Ian Cornish talked me through how he drives the hill, "I leave the line using 5000 rpm in 1st, 2nd, overdrive 2nd and then 3rd, which means that the car is doing about 72 mph by the time I enter the shade of the trees, a couple of wiggles and the steepest part of the climb. I don't find that transition into the shade easy as there's no white line down the centre of the road, so I tend to ease the accelerator a fraction, then ram it down hard, still in 3rd, as the trees thin and I head for the brow.
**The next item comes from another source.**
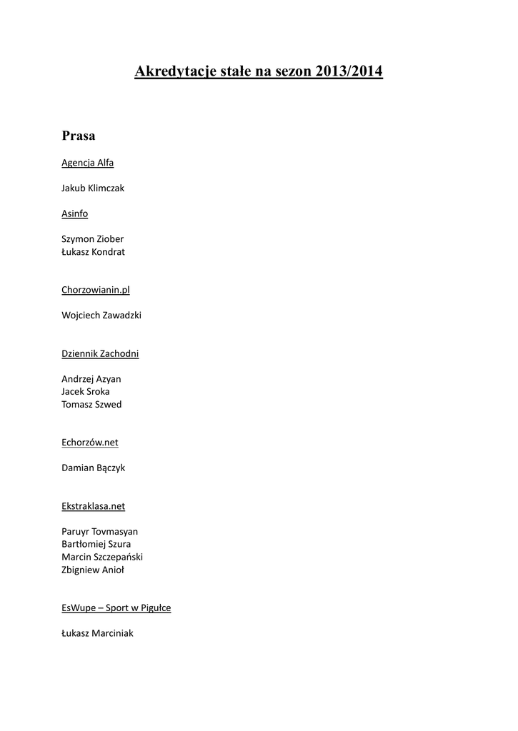 Akredytacje stałe na sezon 2013/2014 Prasa Agencja Alfa Jakub Klimczak Asinfo Szymon Ziober Łukasz Kondrat Chorzowianin.pl Wojciech Zawadzki Dziennik Zachodni Andrzej Azyan Jacek Sroka Tomasz Szwed Echorzów.net Damian Bączyk Ekstraklasa.net Paruyr Tovmasyan Bartłomiej Szura Marcin Szczepański Zbigniew Anioł EsWupe – Sport w Pigułce Łukasz Marciniak Fakt Krzysztof Brommer Michał Zichlarz Fuji Futball Encyklopedia Bożena Szmel Gazeta Wyborcza Wojciech Tudor Paweł Czado IGol.pl Łukasz Pawlik Lovefootball.pl Joanna Jeż Niebiescy.pl Łukasz Dycha Robert Kwap Polska Agencja Prasowa Piotr Girczys Przegląd Sportowy Leszek Błażyński Regionalna Piłka.pl Andrzej Kajser Marcin Griner Sport Marcin Polak Zbigniew Cieńciała Dariusz Leśnikowski Sport Śląski Jacek Tarasiewicz Krzysztof Kubicki Sport Data AG Tomasz Kłodos Sportowe Fakty Michał Piegza Transfer.info Szymon Podstufka Tylko Piłka Ryszard Czaban Waszapiłka.pl Patrycjusz Jankowski Krzysztof Jankowski Wydawnictwo Gia Andrzej Gowarzewski Życie Bytomskie Piotr Gajdzik Radio Radio Fest Jacek Maczuch Polskie Radio Katowice Tadeusz Musioł Andrzej Zowada Tomasz Gancarek Jerzy Góra Krzysztof Klepczyński Radio Piekary Janusz Oster Radio Puls Śląsk Piotr Grela Foto/Prasa Agencja Fotograficzna Edytor Jarosław Rudnicki Piotr Charchula Fakt Dawid Markysz Tomasz Wantuła Niebiescy.pl Mateusz Wójcik Paweł Smolin Teresa Faltin Rtssportcast Krzysztof Andrzejewski Foto Agencja Fotograficzna EastNews Łukasz Kalinowski Agencja Fotograficzna Edytor Michał Chwieduk Dziennik Zachodni Mikołaj Suchan Arkadiusz Gola Lucyna Nenow Ekstraklasa.net Damian Jędrusiński Fanatycy Widzewa Karolina Nowak Maciej Wojciechowski Forum PAF Ireneusz Dorożański Gazeta Wyborcza Grzegorz Celejewski Dawid Chalimoniuk Ekstraklasa.net Jakub Kowalski Lifesport Jacek Gaim Joanna Kurzal Lovefootball.pl Wojciech Marczyk Niebiescy.pl Aneta Knabe Pressfocus Norbert Barczyk Łukasz Laskowski Rafał Rusek Piłka Nożna Maciej Przygoda Polska Agencja Prasowa Andrzej Grygiel Preview Photo Agency Michał Nowak Przegląd Sportowy Tomasz Markowski Reporter AF Adrian Ślązok Sport24.pl Dominik Modrzyk Sport - Foto Dariusz Hermiesz Sportowe Fakty Adam Pilarczyk Super Express Marcin Tomalka TV Comtv.pl Michał Rutkowski Paweł Kłoda Konrad Grzybowski Chorzowianin.tv Michał Fabian Mariusz Baubuch Paweł Mikołajczyk Niebiescy tv Dawid Bentkowski Michał Bebko Orange Sport Wojciech Kania Rafał Kędzior Jakub Rejmoniak Silesia Adam Szaja Krzysztof Trzosek Marcin Kozyra TVP Katowice Robert Walczak

As I crest that, the final marshal post appears on the right, the chequered flag is waving and so it's throttle off and brake gently for the approaching T-junction. Having an overdrive which engages immediately at 5000 rpm helps greatly, as it means just a single gear shift until some 60 mph, when I'm into 3rd."
All in all, the Kop Hill climb is a fabulous event for enthusiasts who prefer to see (and hear) cars in action, rather than just as part of a static display. No date has yet been set for the 2016 event, but as soon as it is I'll be booking my tickets. For more information about the event, visit: http://www.kophillclimb.org.uk
Author: Darren Cummings, TR5 owner and TR Register member.
Kop Hill Facts
- Over £240,000 has been raised for local charities since the revival started seven years ago
- Over 400 historic cars and motorcycles can be seen at the event.
- Kop Hill is one of the oldest Hillclimb venues in England with the first recorded races taking place in 1910.